◆ **Your objective**: Copy, exactly as written, the lines that begin at the one containing "Az óriás láncszemek" and end at the one containing "ທ່ານນາຍົກລັດຖະມົນຕີ ຟ້າມມິງຈິງ ໃຫ້ການຕ້ອນຮັບທ່ານ". Skip any pictures in the data below.

[Records drawn from a dataset]
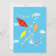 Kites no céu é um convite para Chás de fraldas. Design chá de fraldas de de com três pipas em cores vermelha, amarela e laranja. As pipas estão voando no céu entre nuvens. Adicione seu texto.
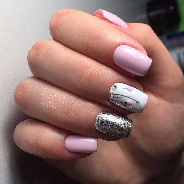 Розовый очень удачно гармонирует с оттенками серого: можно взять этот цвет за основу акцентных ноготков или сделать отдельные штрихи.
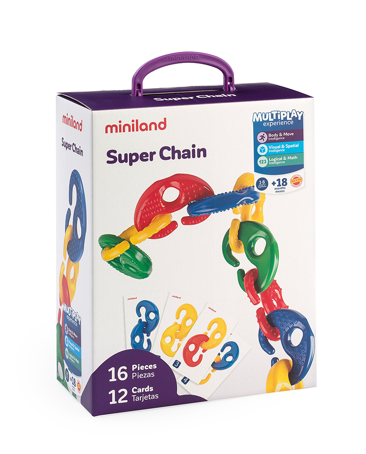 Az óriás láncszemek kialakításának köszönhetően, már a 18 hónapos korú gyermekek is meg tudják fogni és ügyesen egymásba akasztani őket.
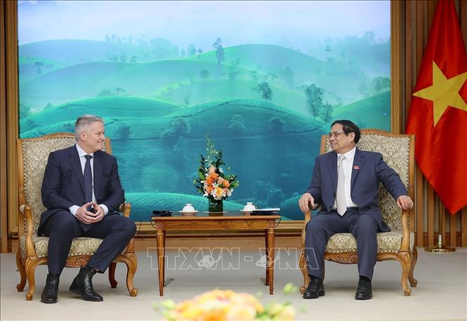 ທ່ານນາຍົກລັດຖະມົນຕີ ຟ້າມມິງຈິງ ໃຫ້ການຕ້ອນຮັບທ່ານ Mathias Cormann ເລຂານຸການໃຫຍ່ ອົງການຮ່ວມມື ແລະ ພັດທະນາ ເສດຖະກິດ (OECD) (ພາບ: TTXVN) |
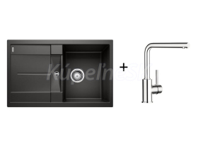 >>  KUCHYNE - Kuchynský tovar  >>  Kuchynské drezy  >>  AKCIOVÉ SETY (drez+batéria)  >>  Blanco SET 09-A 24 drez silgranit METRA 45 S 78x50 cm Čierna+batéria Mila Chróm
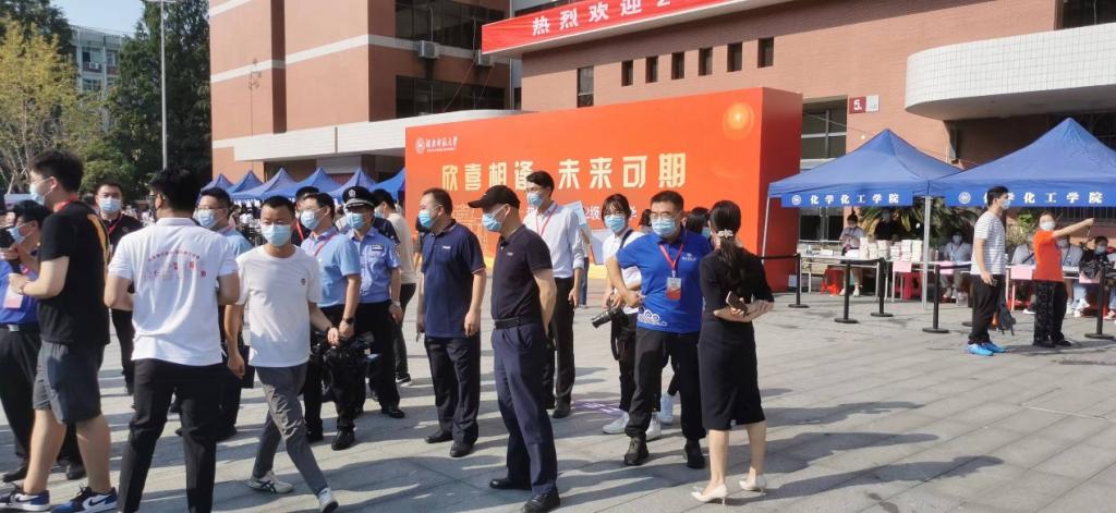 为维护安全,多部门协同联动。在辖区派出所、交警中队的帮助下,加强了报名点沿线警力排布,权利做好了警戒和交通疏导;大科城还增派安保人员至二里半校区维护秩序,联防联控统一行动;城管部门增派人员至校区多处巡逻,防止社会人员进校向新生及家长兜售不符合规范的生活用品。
==
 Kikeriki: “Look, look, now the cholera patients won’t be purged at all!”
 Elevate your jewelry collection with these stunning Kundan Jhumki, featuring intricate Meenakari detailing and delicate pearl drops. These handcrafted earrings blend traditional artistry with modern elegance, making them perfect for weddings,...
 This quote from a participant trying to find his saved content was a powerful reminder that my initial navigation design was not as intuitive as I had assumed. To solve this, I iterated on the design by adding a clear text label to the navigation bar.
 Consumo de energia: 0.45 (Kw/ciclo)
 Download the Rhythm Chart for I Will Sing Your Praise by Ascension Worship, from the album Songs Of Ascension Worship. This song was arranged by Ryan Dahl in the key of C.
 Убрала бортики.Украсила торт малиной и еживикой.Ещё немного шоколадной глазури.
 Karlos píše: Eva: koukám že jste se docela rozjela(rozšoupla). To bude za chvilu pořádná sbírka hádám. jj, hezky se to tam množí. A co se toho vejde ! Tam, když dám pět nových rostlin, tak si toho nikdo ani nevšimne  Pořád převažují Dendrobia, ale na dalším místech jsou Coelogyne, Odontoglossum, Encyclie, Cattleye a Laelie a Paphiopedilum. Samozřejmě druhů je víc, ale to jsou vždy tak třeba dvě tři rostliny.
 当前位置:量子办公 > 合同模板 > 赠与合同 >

◆ **Answer below**:
 Az óriás láncszemek kialakításának köszönhetően, már a 18 hónapos korú gyermekek is meg tudják fogni és ügyesen egymásba akasztani őket.
 ທ່ານນາຍົກລັດຖະມົນຕີ ຟ້າມມິງຈິງ ໃຫ້ການຕ້ອນຮັບທ່ານ Mathias Cormann ເລຂານຸການໃຫຍ່ ອົງການຮ່ວມມື ແລະ ພັດທະນາ ເສດຖະກິດ (OECD) (ພາບ: TTXVN) |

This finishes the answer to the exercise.